*** DATA LISTING ***

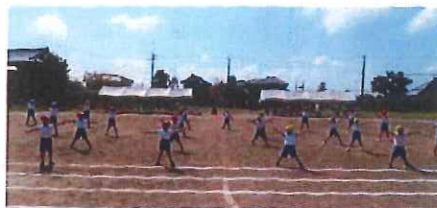
ドラえもん(1~3年・表現)
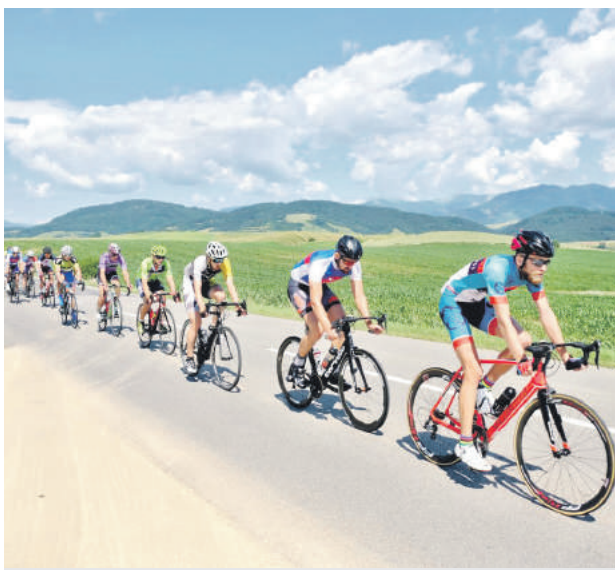
Biketour Horehroním 2018.

Na druhý deň 17. júna sa v Brezne uskutočnil Maratón Tour Route 66. Štart aj cieľ pretekov bol situovaný v mestskom parku. Pretekári zdolali 123 km dlhý okruh a pre menej zdatných bol pripravený 59 km dlhý okruh krásnou horehronskou prírodou. Pretekári doslova preleteli na bicykloch krásnymi miestami Horehronia ako je Salaš Zbojská, Červená Skala, Helpa či iné miesta. Súčasťou
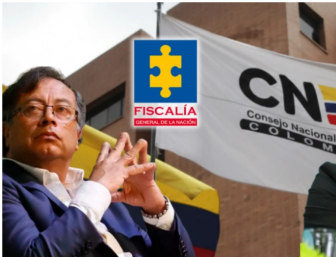
El presidente Gustavo Petro.

Para la Fiscalía, Roa tendría que haber estado enterado de los parámetros que para esa contienda había fijado el CNE en materia de gastos, a través de la Resolución 0694 de 2022.
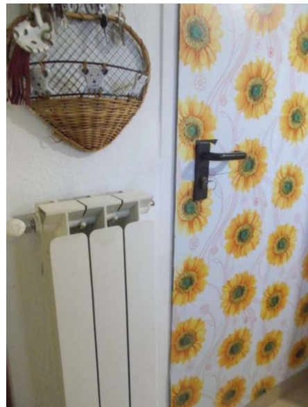
12. Porta metallica tra il box e lavanderia
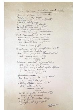
Hymn Polski „Mazurek Dąbrowskiego”

Dziękuję za uwagę. Wszystkie prawa zastrzeżone. Materiał przeznaczony wyłącznie do celów edukacyjnych.
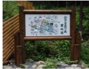
案内板（中央区・HP より）

*** End of DATA LISTING ***

- [WHAT TO PRODUCE]: An exact copy of the lines from the line containing "Dziękuję za uwagę." through the final line of the listing, without pictures, is the expected result.

- [RESPONSE TO THIS EXERCISE]:
Dziękuję za uwagę. Wszystkie prawa zastrzeżone. Materiał przeznaczony wyłącznie do celów edukacyjnych.
案内板（中央区・HP より）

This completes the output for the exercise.